Problem statement:
Write out each entry below exactly. Do not include the images.

The data section start

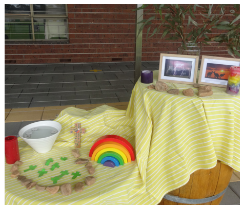
A spiritual place at Year 8 Retreat
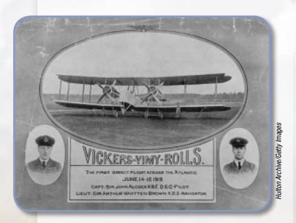
Posters celebrated the Vickers Vimv's nonstop transatlantic crossing.

IT'S BEEN A FULL CENTURY since the Wright Flyer's first powered flight. At first, the skies were empty and the airspace unrestricted. It was an age of slow speeds, spruce-and-fabric wings, and airfields that were also corn fields. In the following decades, aviation filled the skies with beautiful aircraft and awesome adventure, while technology allowed pilots to travel through all kinds of weather. Within a few decades of the birth of powered flight, pilots and passengers were soaring across continents, racing over oceans, and jetting around the world in less than a day. It was a century when the airplane brought distant lands closer and changed people's sense of space and time—a century when the world learned to fly.
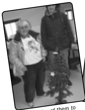
How nice of them to bring me a tree!
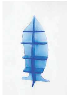
Leaf Cabinet, 2022 Polyurethane resin 84 × 38.5 × 16.75 in.

Restored and reworked specially for this exhibition, Tree Lamp takes the organic forms of a tree trunk and its roots to create a chandelier attached to the gallery ceiling, as if growing through it.
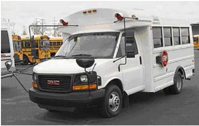
Small School Bus
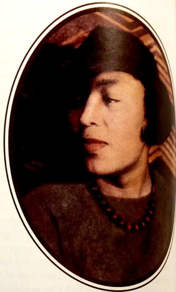
Zora Neale Hurston, Harlem Renaissance writer

REPORTING THE ERA Fresh out of high school in 1917, Ernest Hemingway worked as a reporter for the Kansas City Star . The newspaper’s strict rules of
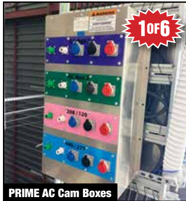
PRIME AC Cam Boxes
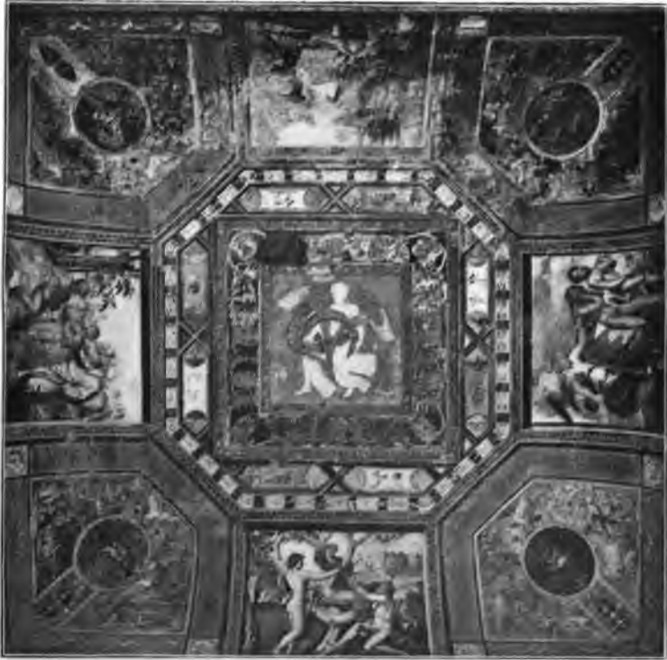
STORY OF ADAM AND EVE In Raphael's Loggie
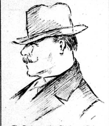
The Pinkerton that shadowed Debs. (Sketch for Herald by Father Hagerty.)

Cigarmakers' International Union. No. 25 office and employment bureau, 318 State Street.
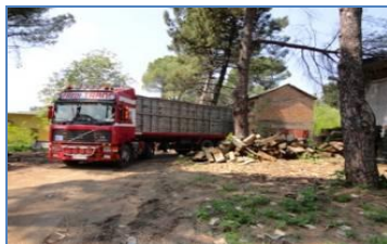
Removal of combustible material
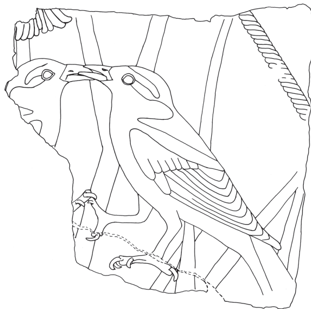
FIG. 1. Relief fragment from the mortuary complex of Userkaf, Saqqara (temp. 6–9–32–1, Cairo Museum). Drawing: Mary Hartley. Reproduced with permission.

IN 1928, Cecil Firth uncovered a large number of relief fragments at the site of Userkaf’s funerary temple at Saqqara. 1 Among these was a small section (c. 14 cm high), now housed in the Cairo Museum (temp. 6–9–32–1), upon which is depicted a pair of birds (fig. 1). The scene is notable not only for the exceptional quality of its carving, but also for the unusual behaviour exhibited by the animals.

The data section end

Exercise response:
A spiritual place at Year 8 Retreat
Posters celebrated the Vickers Vimv's nonstop transatlantic crossing.

IT'S BEEN A FULL CENTURY since the Wright Flyer's first powered flight. At first, the skies were empty and the airspace unrestricted. It was an age of slow speeds, spruce-and-fabric wings, and airfields that were also corn fields. In the following decades, aviation filled the skies with beautiful aircraft and awesome adventure, while technology allowed pilots to travel through all kinds of weather. Within a few decades of the birth of powered flight, pilots and passengers were soaring across continents, racing over oceans, and jetting around the world in less than a day. It was a century when the airplane brought distant lands closer and changed people's sense of space and time—a century when the world learned to fly.
How nice of them to bring me a tree!
Leaf Cabinet, 2022 Polyurethane resin 84 × 38.5 × 16.75 in.

Restored and reworked specially for this exhibition, Tree Lamp takes the organic forms of a tree trunk and its roots to create a chandelier attached to the gallery ceiling, as if growing through it.
Small School Bus
Zora Neale Hurston, Harlem Renaissance writer

REPORTING THE ERA Fresh out of high school in 1917, Ernest Hemingway worked as a reporter for the Kansas City Star . The newspaper’s strict rules of
PRIME AC Cam Boxes
STORY OF ADAM AND EVE In Raphael's Loggie
The Pinkerton that shadowed Debs. (Sketch for Herald by Father Hagerty.)

Cigarmakers' International Union. No. 25 office and employment bureau, 318 State Street.
Removal of combustible material
FIG. 1. Relief fragment from the mortuary complex of Userkaf, Saqqara (temp. 6–9–32–1, Cairo Museum). Drawing: Mary Hartley. Reproduced with permission.

IN 1928, Cecil Firth uncovered a large number of relief fragments at the site of Userkaf’s funerary temple at Saqqara. 1 Among these was a small section (c. 14 cm high), now housed in the Cairo Museum (temp. 6–9–32–1), upon which is depicted a pair of birds (fig. 1). The scene is notable not only for the exceptional quality of its carving, but also for the unusual behaviour exhibited by the animals.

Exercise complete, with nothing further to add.